### Task input:

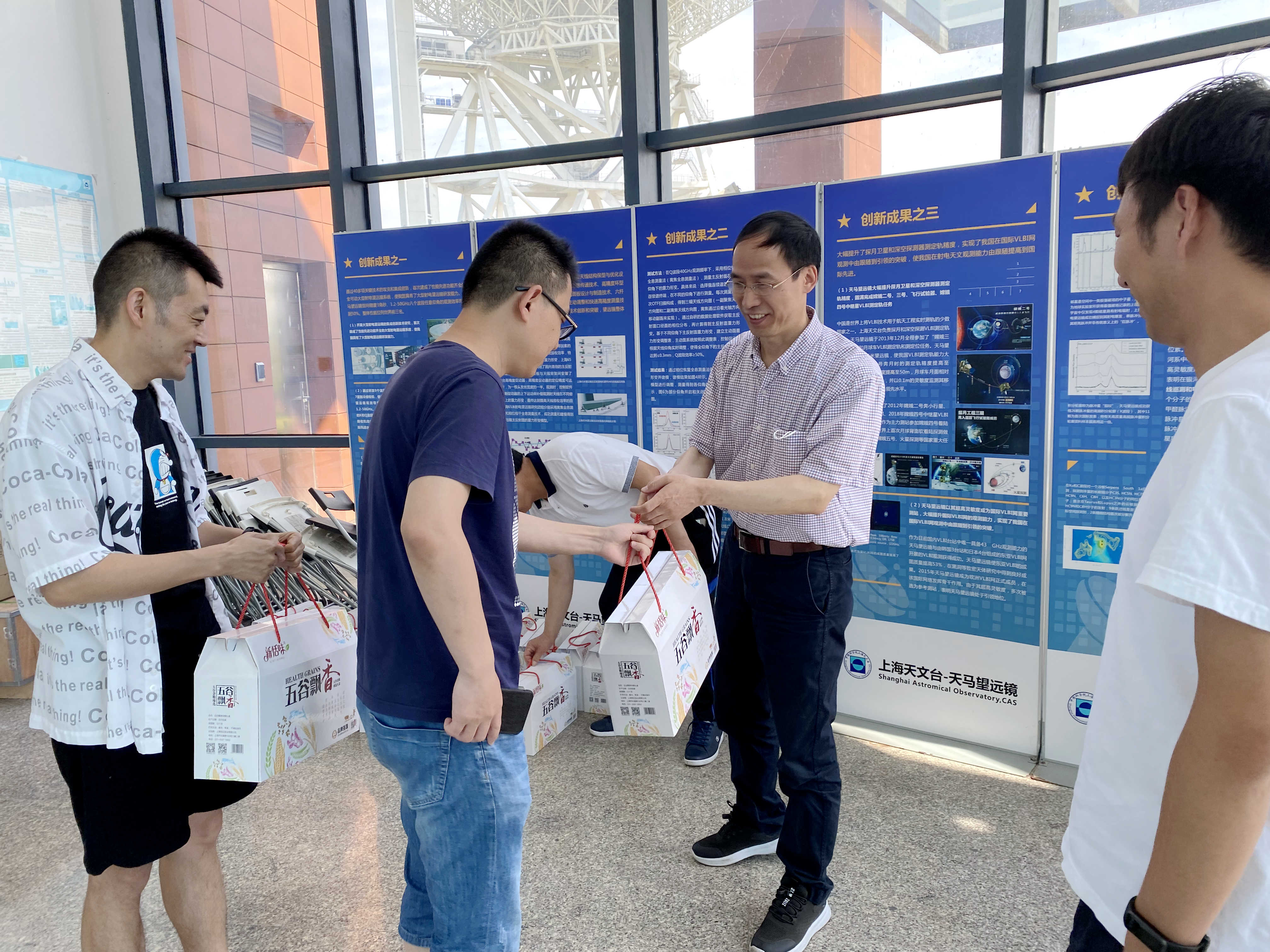 7月上旬,上海连续出现高温炎热天气。对于坚守在高温岗位的一线员工,连续的高温也牵动着台领导的心,为确保防暑降温各项措施落到实处,保障科研生产工作正常有序开展。7月15日,台党委书记侯金良、工会主席汪显坤等来到佘山科技园区、天文博物馆、60厘米激光测距观测基地、65米及25米射电望远镜观测基地等野外台站,对坚持在高温岗位的职工和劳务派遣人员进行“夏送清凉”慰问活动,为他们送上毛巾、五谷杂粮礼包等夏令防暑降温物品。同时,台领导还对各岗位高温期间的工作安排情况进行了了解,并叮嘱大家在高温作业中要合理安排工作时间,注意劳逸结合,加强自我保护,既要坚守岗位,也要注意保护好身体,做好防暑降温工作。
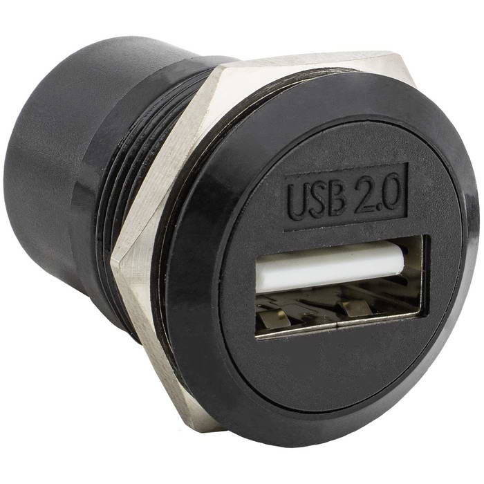 Панельный модуль (переходник) передачи данных USB RUICHI USB 2.0 A(F)-A(F) PN, прямой порт USB, 5В, 5А, крепление гайка с резьбой, корпус пластиковый, цвет черный - универсальная последовательная шина, отвечающая за передачу данных между устройствами через прямой порт USB 2.0.
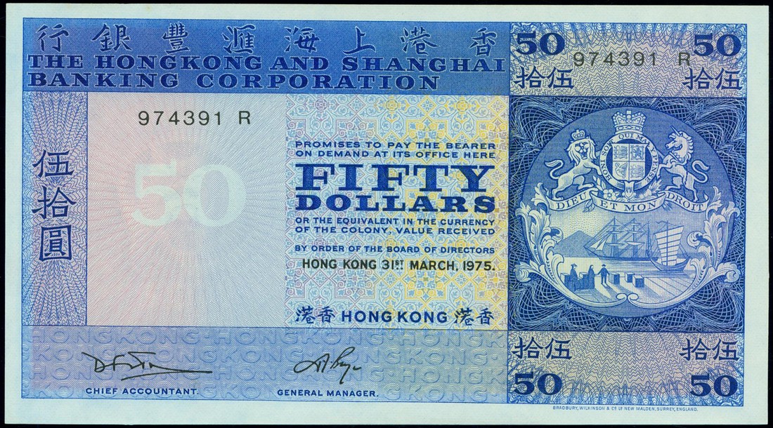 Hong Kong and Shanghai Banking Corporation, $50, 31 March 1975, serial numbers 974391-392 R, blue and multicoloured, coat of arms at right, watermark of a helmeted warrior at left, reverse blue with bank building at left
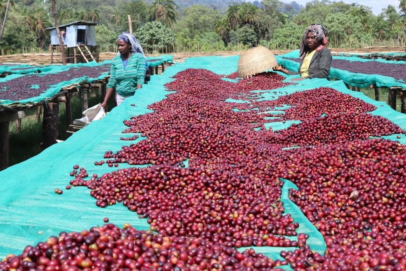 Stazione di lavaggio di Buku Abel, donne imepgnate nella sistemazione delle ciliegie di caffè su letti africani rialzati
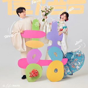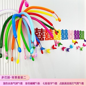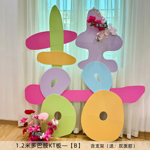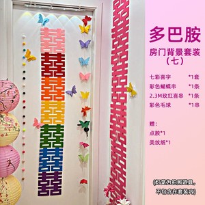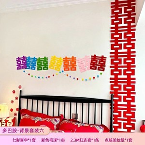 婚房布置多巴胺kt板彩色喜字婚礼彩虹奶油背景墙装扮用多巴胺纱幔
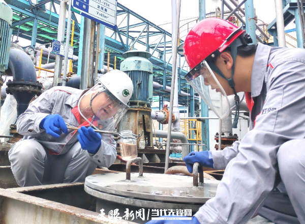 (左一)叶礼在硫酸装置现场查看硫酸成品品质

### To do:
The copy starts at the line holding "Hong Kong and" and ends at the last line of the records above. Transcribe those lines exactly, pictures excluded.

### Final answer:
 Hong Kong and Shanghai Banking Corporation, $50, 31 March 1975, serial numbers 974391-392 R, blue and multicoloured, coat of arms at right, watermark of a helmeted warrior at left, reverse blue with bank building at left
 Stazione di lavaggio di Buku Abel, donne imepgnate nella sistemazione delle ciliegie di caffè su letti africani rialzati
 婚房布置多巴胺kt板彩色喜字婚礼彩虹奶油背景墙装扮用多巴胺纱幔
 (左一)叶礼在硫酸装置现场查看硫酸成品品质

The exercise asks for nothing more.